Let T and C respectively, be the transverse and conjugate axes of the hyperbola $$16x^2 - y^2 + 64x + 4y + 44 = 0$$. Then the area of the region above the parabola $$x^2 = y + 4$$, below the transverse axis T and on the right of the conjugate axis C is:

We need to find the area of a region defined by the hyperbola's axes and a parabola.

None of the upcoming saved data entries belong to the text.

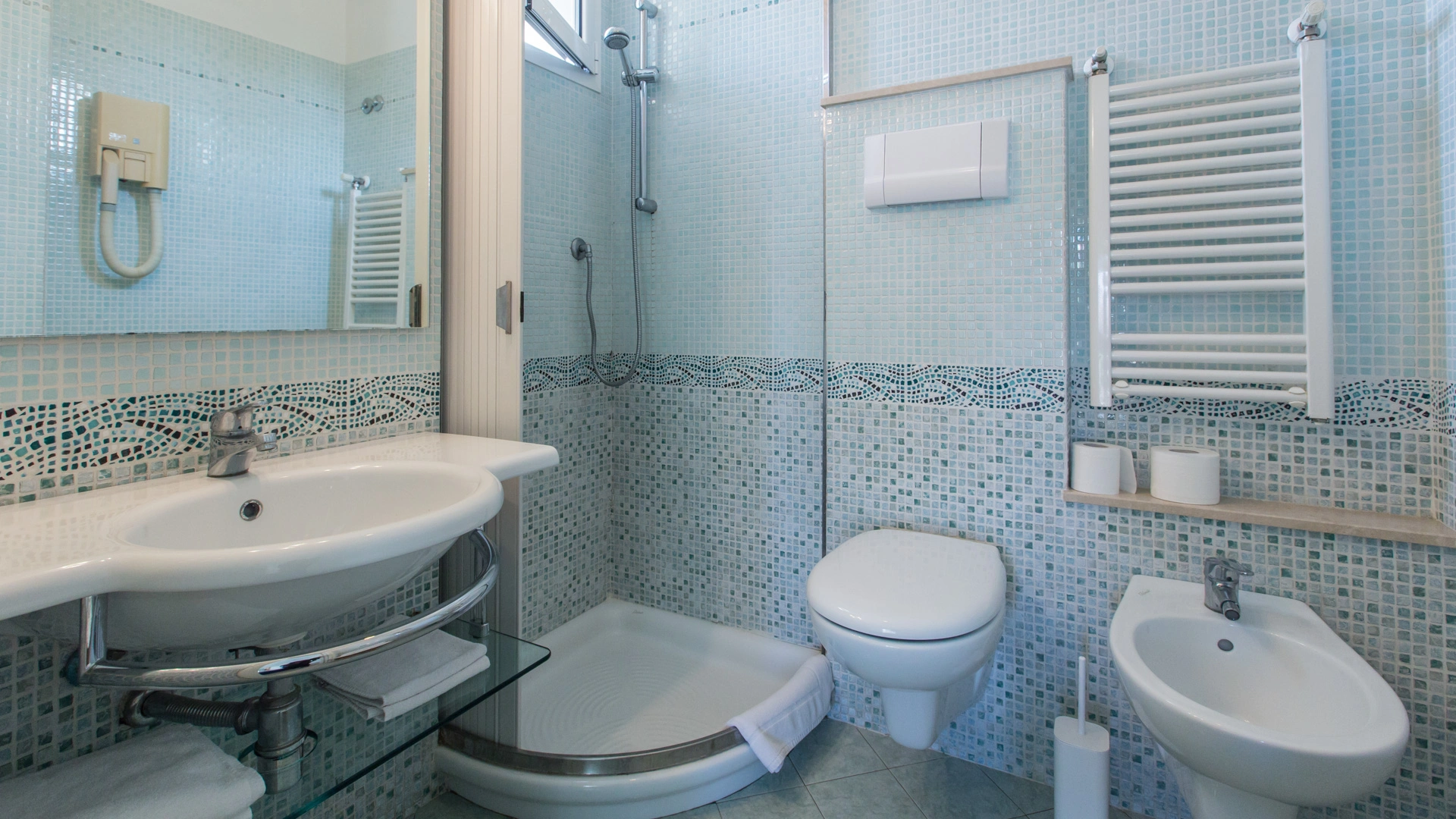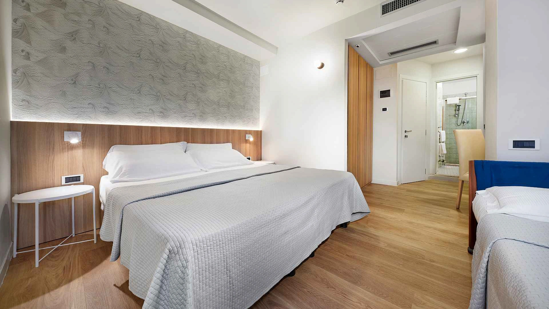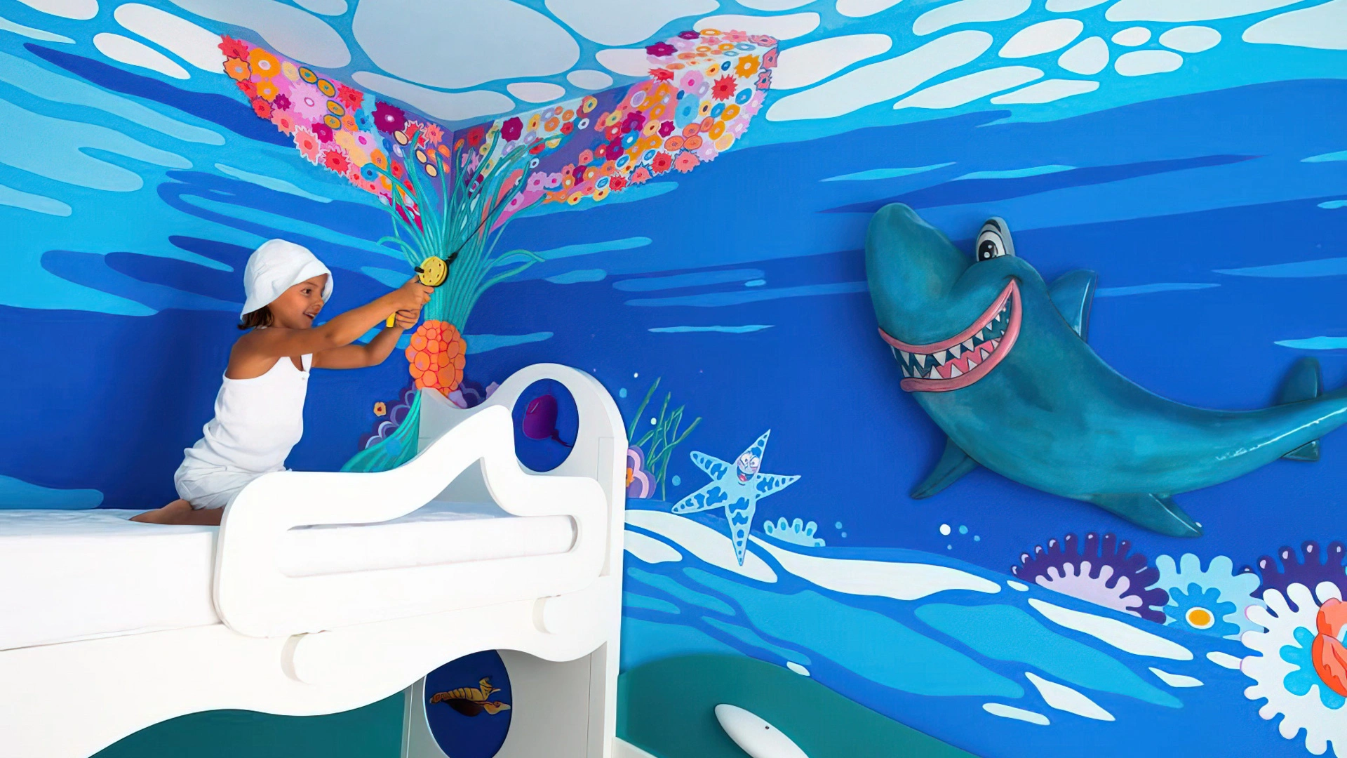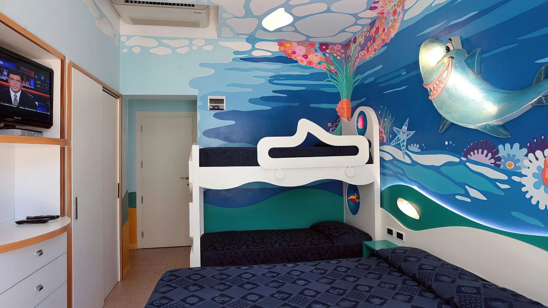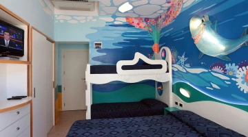 SHARKY: the interiors are set up to celebrate the star of the Cattolica Aquarium, the bull shark. The marine depictions are especially evocative for the little ones. It enjoys the same services as the Superior room.
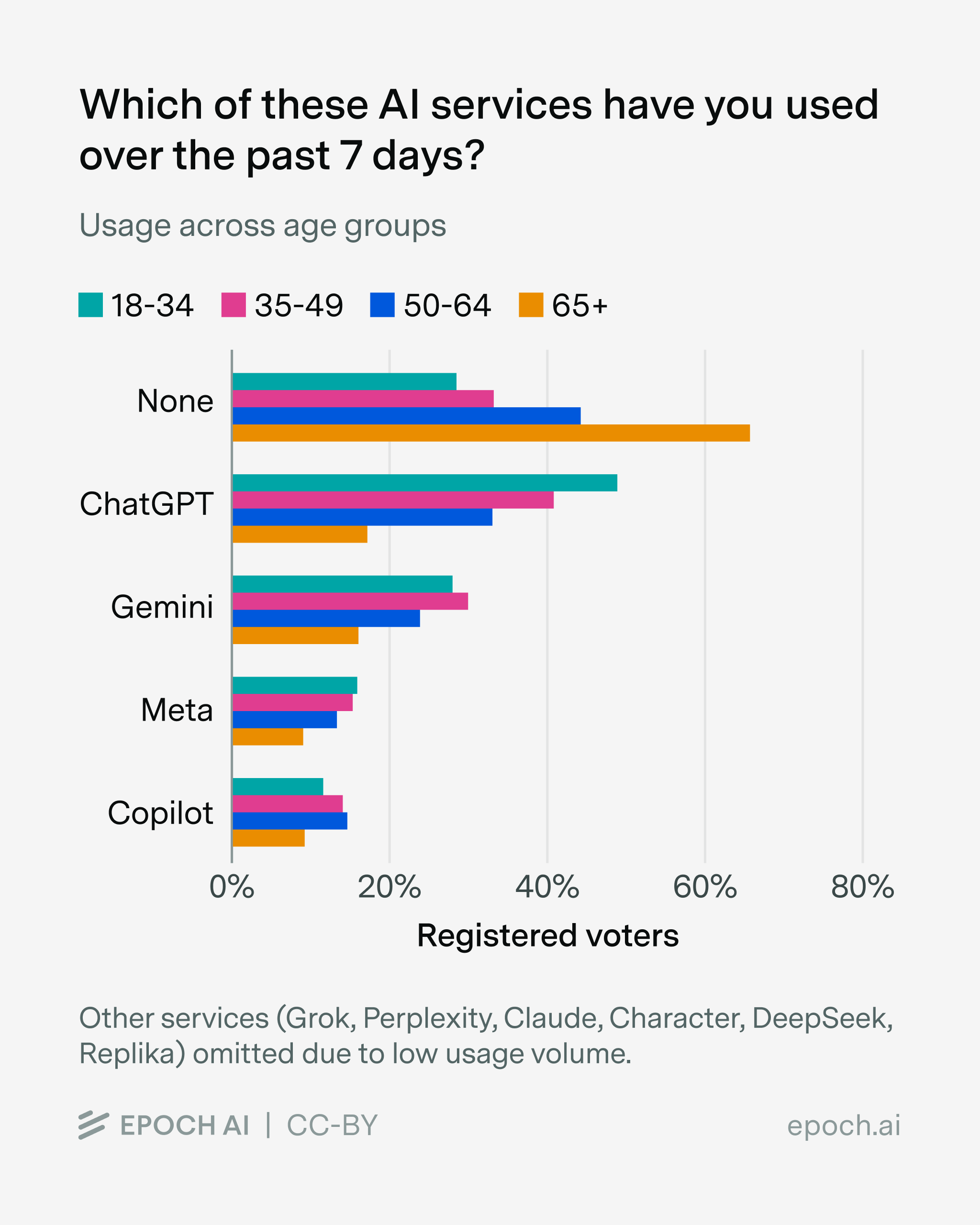 Does this mean that LLM adoption has slowed down? Not necessarily — even if ChatGPT user growth is slowing, other LLMs have recently seen faster consumer growth. For example, between August and November, Gemini monthly active users increased about 30%, compared to 5% for ChatGPT. And that’s not because Gemini has very few users — both Gemini and ChatGPT have hundreds of millions of monthly active users. That said, ChatGPT still maintains the larger userbase: in our poll, about 35% of registered voters reported having used ChatGPT over the past week, compared to 24% for Gemini.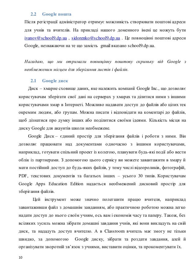 10. 10. 10 2.2 Google пошта Після регістрації адміністратор отримує можливість створювати поштові адреси для учнів та вчителів. На прикладі нашого доменного імені це можуть бути ivanov@school9.dp.ua , sidorenko@school9.dp.ua . Це повноцінні поштові адреси Google, незважаючи на те що замість gmail вказано school9.dp.ua. Нагадаю, що ми отримали повноцінну поштову скриньку від Google з необмеженим місцем для зберігання листів і файлів. 2.1 Google диск Диск – хмарне сховище даних, яке належить компанії Google Inc., що дозволяє користувачам зберігати свої дані на серверах у хмарах та ділитися ними з іншими користувачами хмар в Інтернеті. Можливо надавати доступ до файлів або цілих тек окремим людям, або групам. Можна писати і відповідати на коментарі до файлів, щоб дізнатися про думку інших або поділитися своїми ідеями. Кількість місця на диску Google для акаунтів школи необмежене. Google Диск – єдиний простір для зберігання файлів і роботи з ними. Він дозволяє працювати над документами одночасно з іншими користувачами, наприклад, готувати спільний проект із колегою, планувати будь-які події або вести облік із партнерами. З допомогою цього сервісу ви можете завантажити в хмару й мати постійний доступ до будь-яких файлів, у тому числі відеороликів, фотографій, PDF, текстових документів та багатьох інших – усього 30 типів. Користувачам Google Apps Education Edition надається необмежений дисковий простір для зберігання файлів. Цей інструмент може значно полегшити працю вчителя, наприклад завантаживши файл з домашнім завданням, або практичною роботою можна легко надати доступ до нього своїм учням, ось вам і економія часу та паперу. Також, без всіляких зусиль можна зібрати домашні завдання учнів, які вони викладуть на свій диск, та нададуть доступ вчителю. А в Classroom вчитель має змогу не тільки швидко, за допомогою Google диску, зібрати та роздати завдання, алей й організувати зворотній зв’язок з учнями, виставити оцінки, та прокоментувати їх.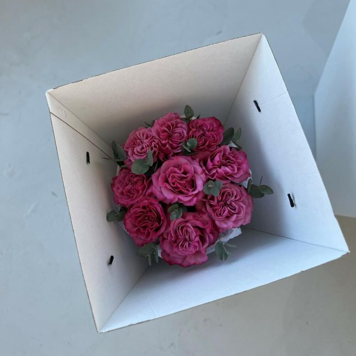 Пионовидная роза – 9 шт.Эвкалипт – 3 шт.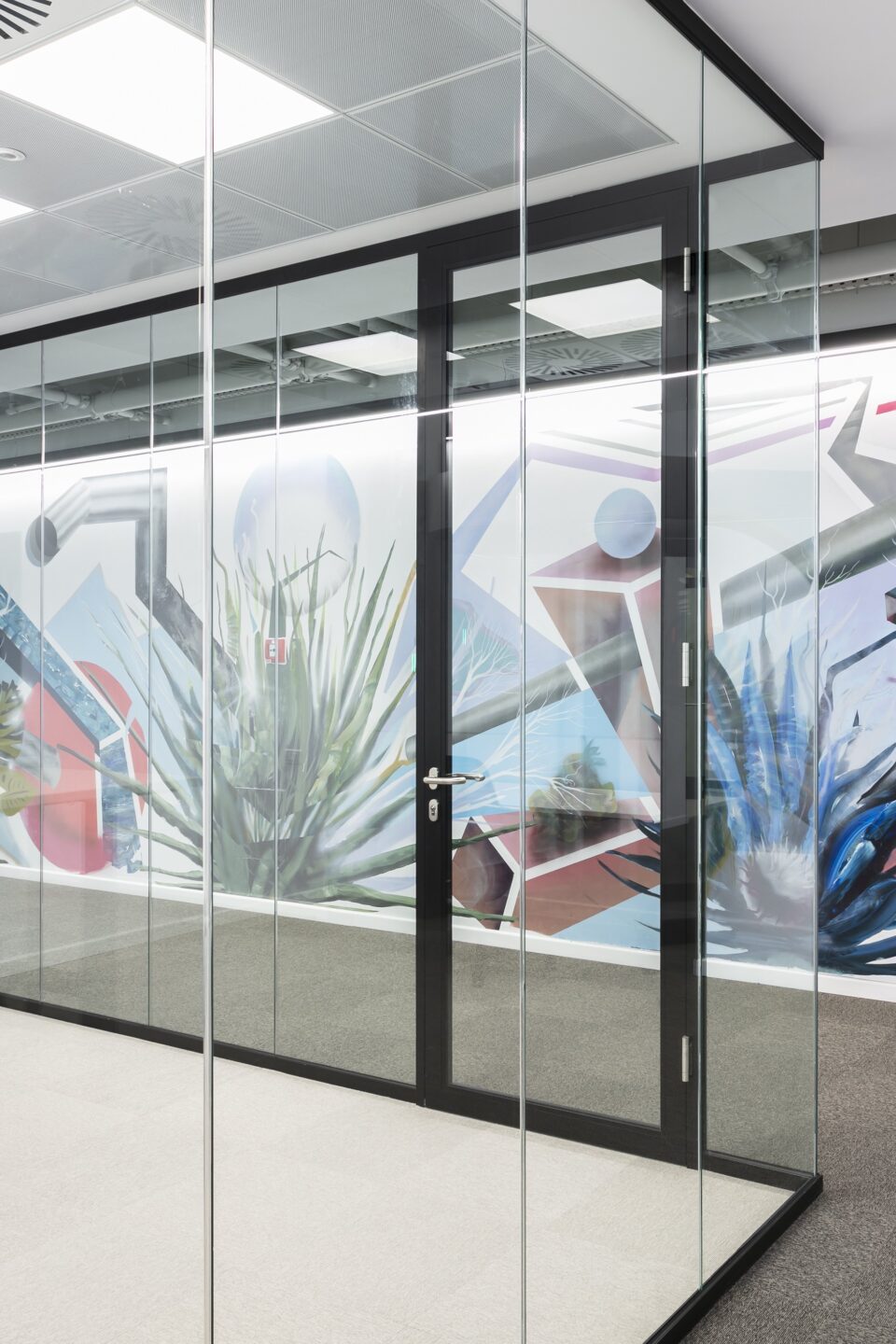 The IT services company in Bucharest implements the concept of the five spatial zones to perfection. There are teamwork areas in the central zones as well as rooms for communication and inspiration. In addition, there are rooms for concentrated work, meeting rooms and team workplaces created using our transparent glass partition walls fecoplan Rw,p= 42 dB with fecotür A40 aluminium-frame glass door elements, which are flush on the room side and achieve a sound insulation test value of Rw,p= 37 dB. The colourful design of the walls with abstract, geometrically-shaped graphics, coordinated with the subtle colours of the furniture, reflects the innovativeness and uniqueness of the company and at the same time creates points of orientation and identification.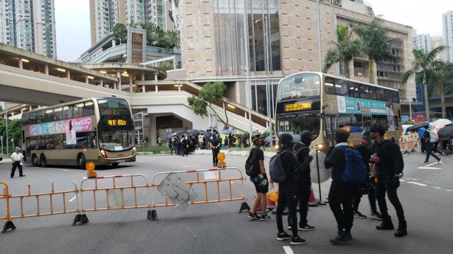 #LIVE: Protesters are now targeting another district, arriving in Tsuen Wan to block roads with barricades. Police have not caught up yet.

Rewrite the hyperbola in standard form

$$ 16x^2 - y^2 + 64x + 4y + 44 = 0 $$

$$ 16(x^2 + 4x) - (y^2 - 4y) + 44 = 0 $$

$$ 16(x^2 + 4x + 4) - (y^2 - 4y + 4) + 44 - 64 + 4 = 0 $$

$$ 16(x + 2)^2 - (y - 2)^2 = 16 $$

$$ \frac{(x+2)^2}{1} - \frac{(y-2)^2}{16} = 1 $$

Center: $$(-2, 2)$$, $$a = 1$$, $$b = 4$$.

Identify axes

Transverse axis T: $$y = 2$$ (horizontal line through center)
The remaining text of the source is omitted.